Monday, 2 July 2018

Kursk Battles Intro

Kursk battles - July wargaming

“You’re quite right, whenever I think of this attack, my stomach turns over” 

Adolf Hitler prior to Operation Citadel (to Guderian 10th May 1943).

Operation Citadel was the name given to the German summer offensive of 1943 on the east front, perhaps more commonly known as the Battle of Kursk - the largest tank battle in the world!

A large area of Soviet controlled territory pushed into the German line and the Germans planned to thrust into the northern and southern flanks of this salient, cutting it off with their enveloping forces meeting just behind Kursk. It would bring the dual benefits straightening out the line and bagging a huge number of Soviet forces.

The Soviets, aware of the threat, built up belt after belt of defensive works, heavily protected by mines and registered artillery. They intended that the German forces should destroy themselves on these defences and that at the right moment, they would unleash their large reserve and launch a counter-offensive.

Citadel started on 5th July 1943. In the North, little headway was made and intense fighting would centre on Ponyri, which would become likened to Stalingrad in nature, due to the grinding nature of the battle. To the south, at huge cost, bigger gains were made and as the German forces neared Prokhorovka, the Soviets, fearing a breakthrough, released their reserve, 5th Guards Tank Army, against II SS Panzer Corps. 

On 12th July, huge tank battles erupted in front of Prokhorovka. A contest of material followed, one which would essentially go the Soviet way. By 23rd July, Hitler was compelled to formally call off the offensive. 

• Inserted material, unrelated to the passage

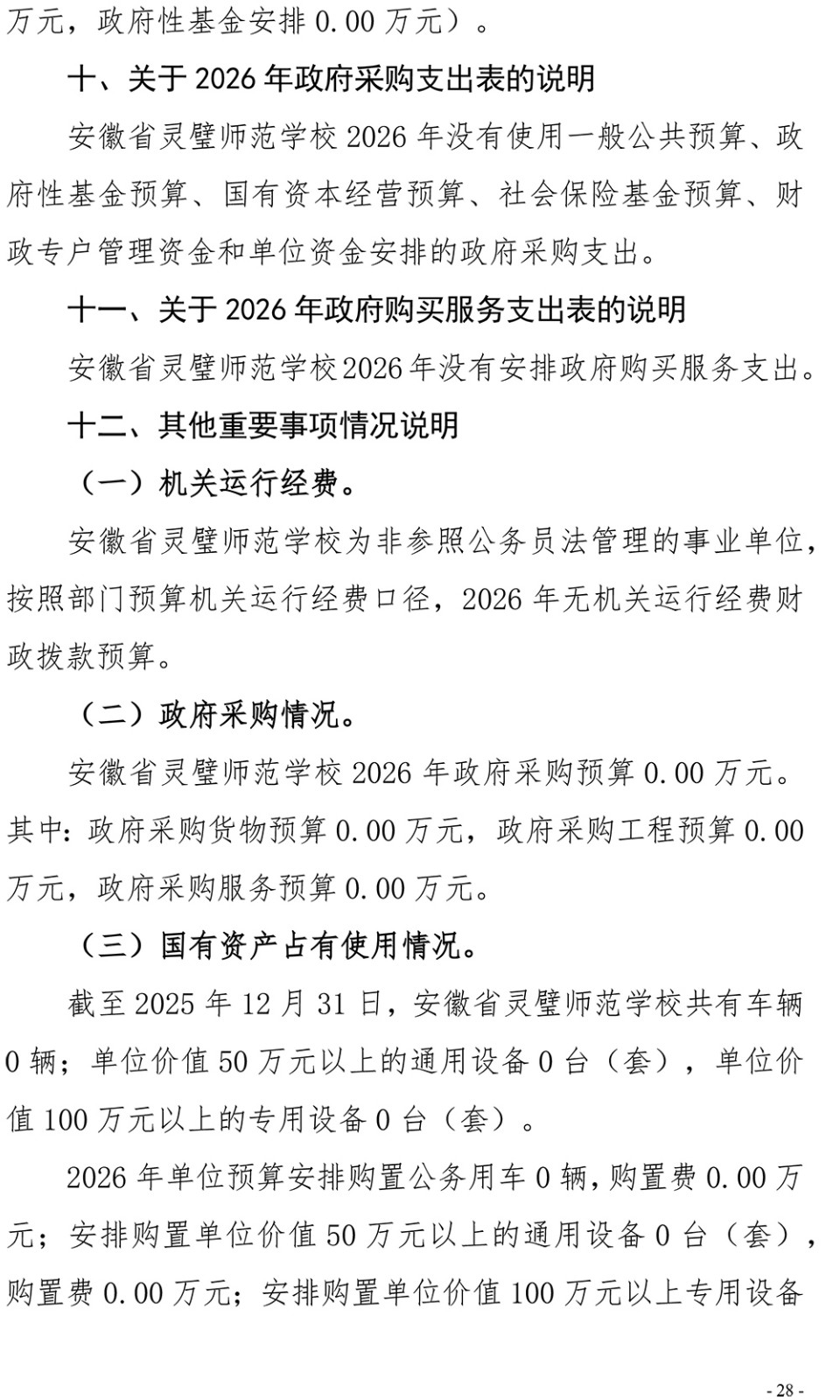 安徽省灵璧师范学校2026年单位预算

This year is the 75th anniversary of Citadel. Throughout the month, I will be wargaming a number of Kursk related games, at the core of which will be the Lock ‘n Load Tactical system, using their ‘Dark July’ expansion for the ‘Heroes of the Motherland’ base game, which has six scenarios that covers fighting in the region just west of Prokhorovka and specifically at the Oktiabrski State Farm and Hill 252.2

This is a picture of the full map area, most of the scenarios use portions of it, but one does use the full map, which at 39 x 22 hexes at 50 metes per hex, is giving a representative battleground of 1950 metres by 1100 metres, or roughly two by one kilometres.

Notable terrain;

Wheat fields - they are pretty much everywhere and are classed as open terrain, but squads and weapon teams need to be ‘spotted’ as though they are in degrading terrain.

Anti-Tank Ditch, that is the dark line running down the centre of the map, parallel to the dirt track.

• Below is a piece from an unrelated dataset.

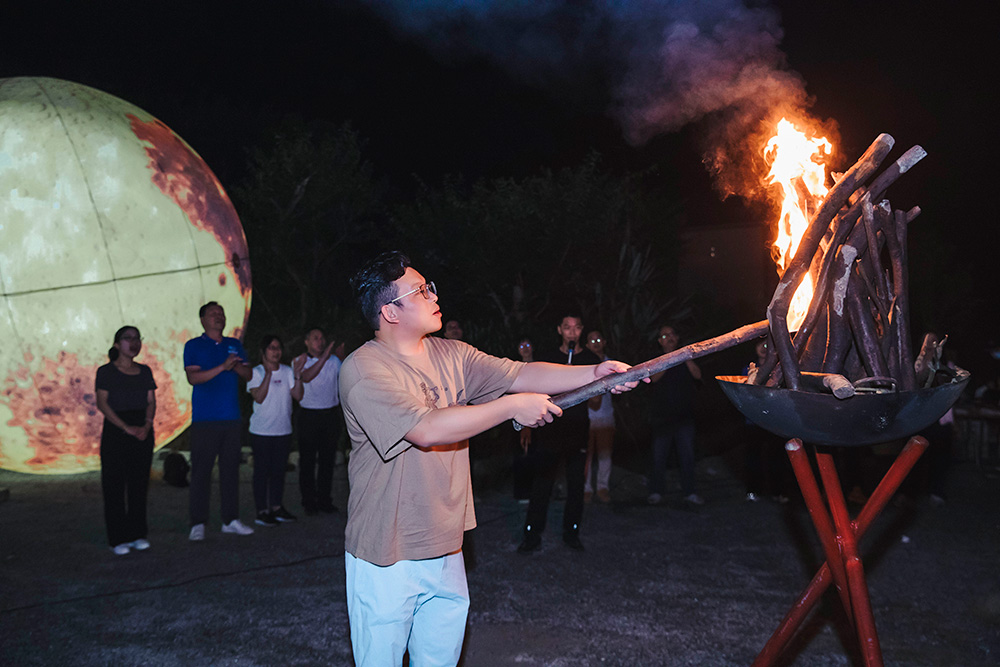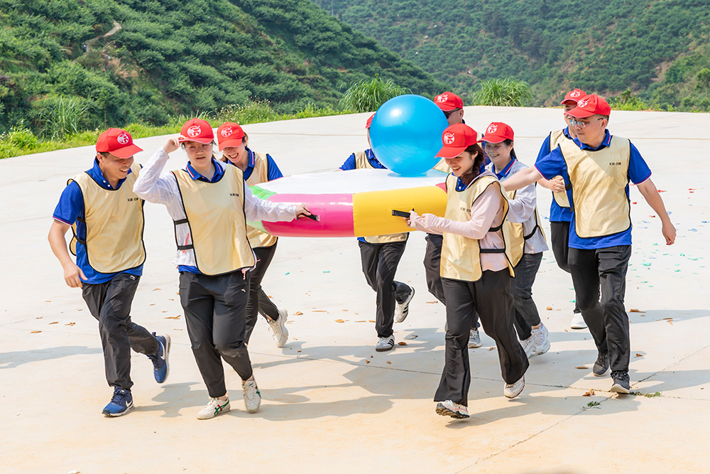 28日早晨8:00,陽(yáng)光似乎比我們更富有熱情。在一處三面被青澀三華李掛滿枝頭的果園環(huán)繞的山頂平坦場(chǎng)地上,趣味團(tuán)建拓展活動(dòng)便熱火朝天地開(kāi)展開(kāi)來(lái)。

Rail track - that runs along the very bottom of the map, it is classed as degrading terrain and has a defensive value of +1, so a woods and rail hex combined would have a defensive value of +3.

The road to Prokhorovka, this sits immediately above the rail track.

Oktiabrskii State Farm - at the top of the map (left side) sitting on the dirt track. The collection of buildings ate treated as ‘light construction’.

Hill 252.2, the scene of bitter fighting and sitting below the State Farm in the lower half of the map.

A rather nice rule in the module concerns Tank Emplacements. These do not give a terrain modifier but negate any anti-tank hit that would normally strike the hull. Vehicles must back out of them to leave the hex and if they do, the emplacement is removed.

The module provides optional rules, giving vehicle size modifiers for the ‘To Hit’ process and giving a +1 modifier when attempting to spot vehicles. Both these will be used.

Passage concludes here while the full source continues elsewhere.